Ellen picked up the other one and put it on.
“They are really marvelous, Roger,” she said, looking at herself in the mirror.
James stopped licking Roger long enough to hiss at Ellen.
She looked at Roger in surprise. “You aren’t going to give these wonderful things to that cat, are you?” she asked.
“I already have,” laughed Roger.
Ellen stooped down and before he could properly protest, she had removed James’s earring.
“James, dear,” she said, “you’d love to lend them to me to wear to the Save the Children ball tomorrow, wouldn’t you? Princess Di is going to be there and Harry Kinyata is taking me.” She spoke as one speaks to someone totally insignificant to whom it is necessary to be polite.
James sat stunned. So did we all.
Ellen took off the earrings, put them in the box, snapped it shut, put it in her purse, turned a
nd left, letting a “Good-bye all” float over her shoulder as she walked out.
James dashed to the door in a rage but he was too late.
Roger looked very angry. He was speechless.
Shep laughed. “That girl will do anything, won’t she?”
“I’ll get them back,” said Roger.
“What a great bunch we are,” said Poppy. “First you and James flimflam an old lady and now this possession-haunted girl comes along and lifts a pair of expensive earrings.” Then she smiled. “They really are splendid,” she added to Roger. “Did you design them?”
Roger nodded.
“You have talent!” said Poppy, and her eyes were soft.
James was helpless with rage. He knocked the evening paper off the coffee table and proceeded to tear it to pieces. I tried to rescue at least part, as I had not had time to read it, but James only snarled and bared his teeth and slashed with his claws, so I left him alone.
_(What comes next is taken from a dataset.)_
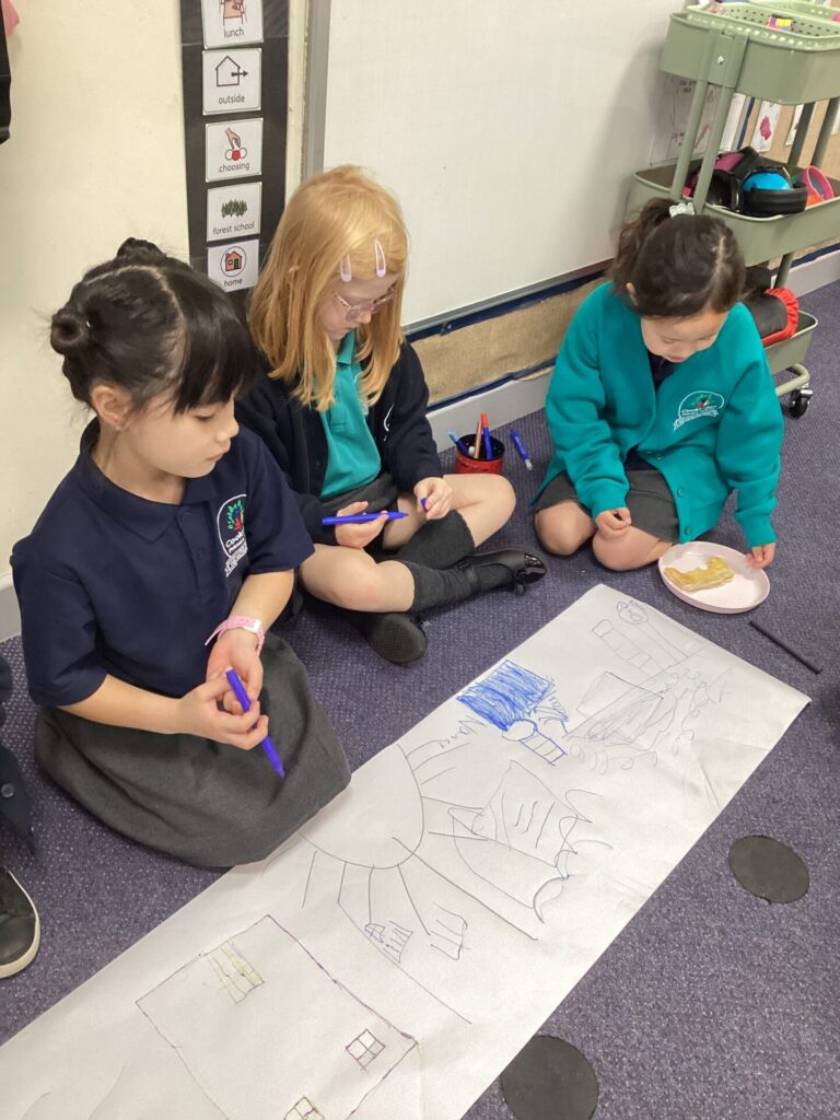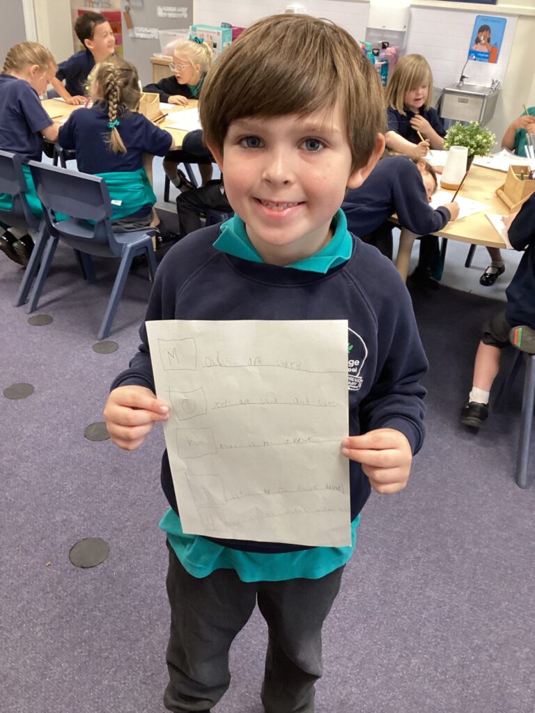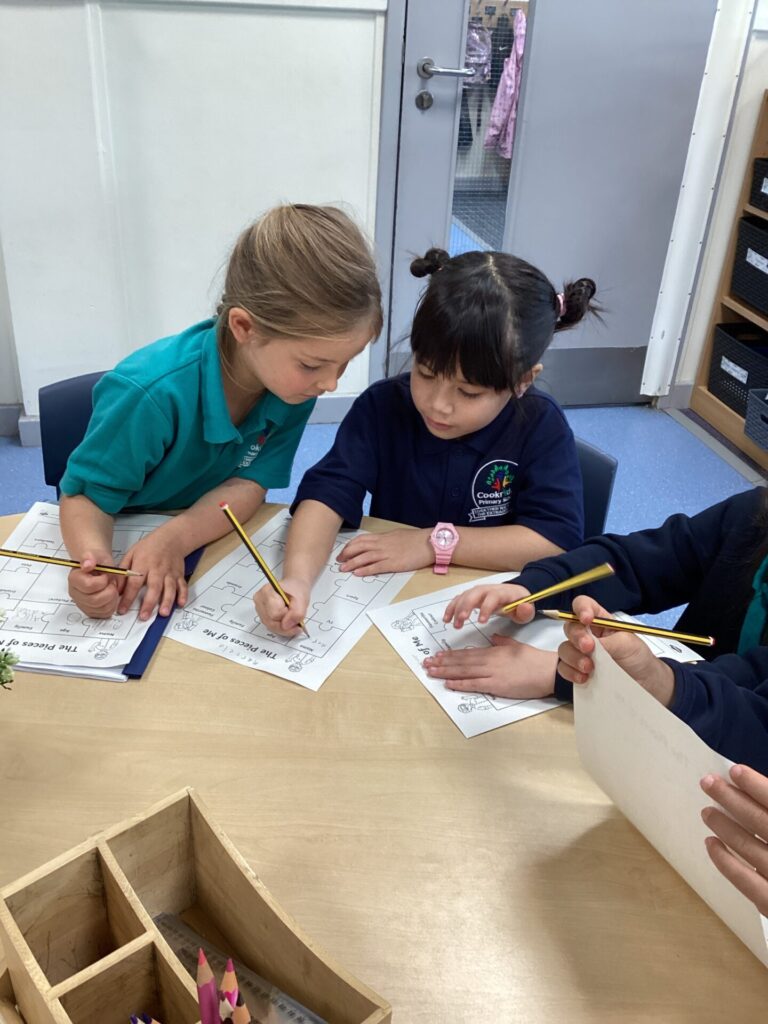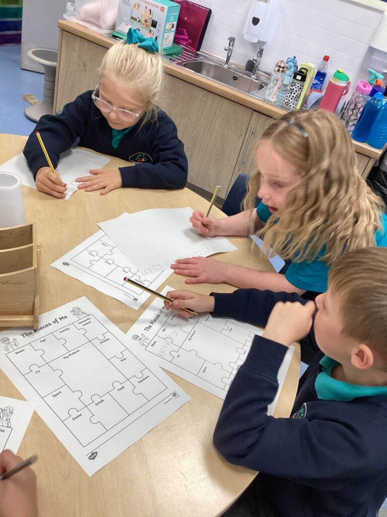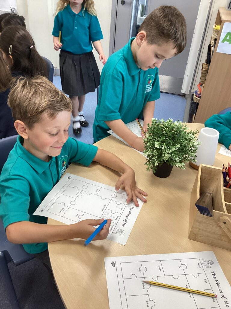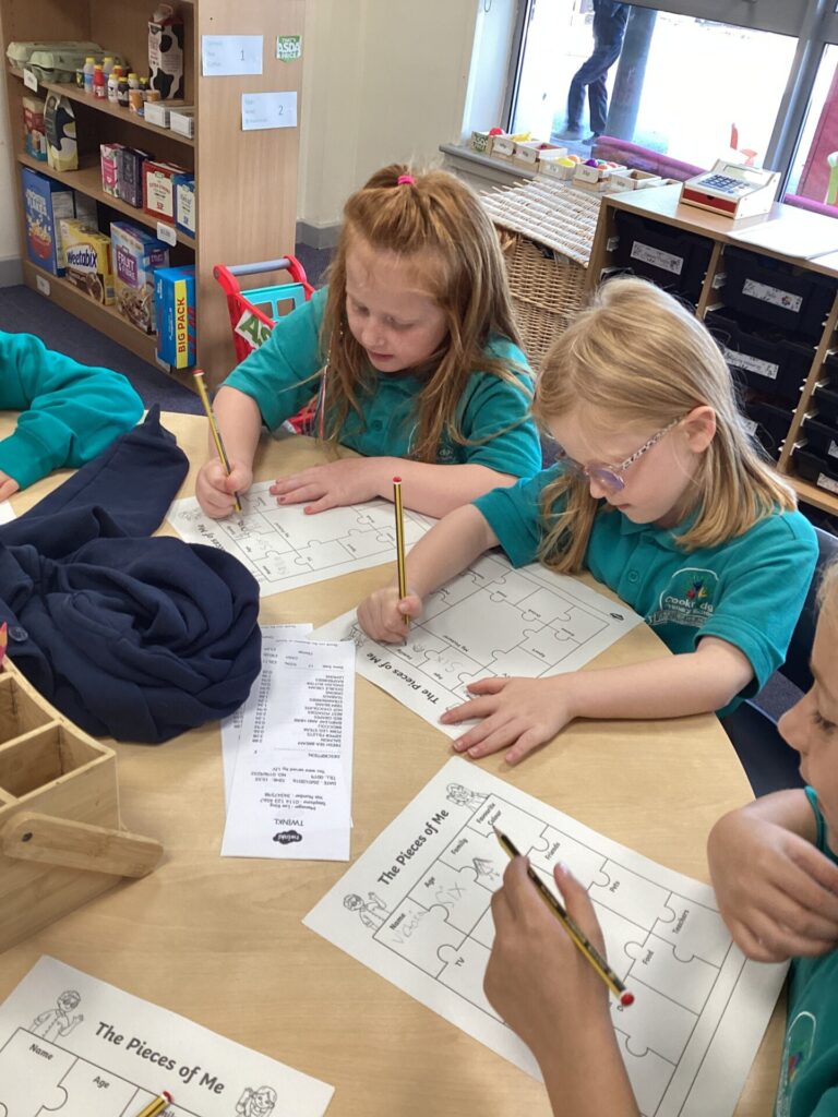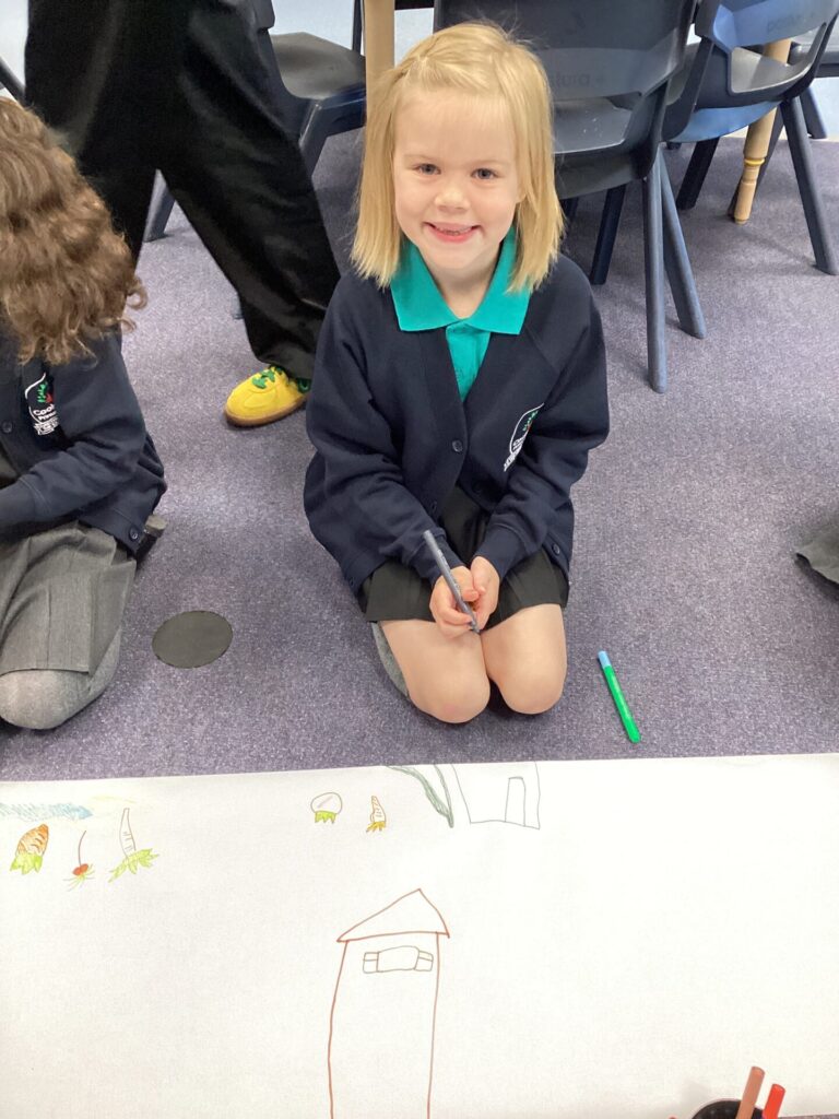 We started off our day by sharing all of our exciting holiday stories and welcoming our new class member into our classroom! Then, we completed a ‘my favourites’ worksheet where we drew all of our favourite things from toys to food. After lunch, we had choosing time where we all got creative. Some of us enjoyed arts and crafts, model making but our new ASDA roleplay area was the most exciting! Finally, we had Forest School with the whole of KS1 where we listened to little miss stories and found natural crafting resources to bring back to the classroom for the rest of the week.

“Want to join us for dinner?” I asked him a little later.
He shook his head and as we went out he walked upstairs, his tail flicking angrily back and forth.
I spent part of the next morning taking stock. The models were at Huntingdown being photographed. They did not need my attention. Two pieces of research were progressing nicely. James was back at work at Thwaites. The topaz earrings were still in Ellen’s hands, but I felt sure they would be returned in due time. I decided to stop in at Thwaites to see what was coming up. After looking at what was on show in the great room, I wandered up to the third floor to see Peter.
Marilyn, who usually greets me when I arrive, was standing comforting an older woman who was sitting in the chair Marilyn usually uses, sobbing into an already soaked handkerchief. James was sitting on Marilyn’s desk watching intently.
“I wish I knew how to help,” said Marilyn to the woman.
“I wish you did too,” said the woman between sobs. “It’s just that I am frightened all the time and I don’t know why. I feel a little safer here.” Her sobs subsided somewhat.
“Have you ever thought of seeing a psychiatrist?” Marilyn asked. “I think one might be able to help you.”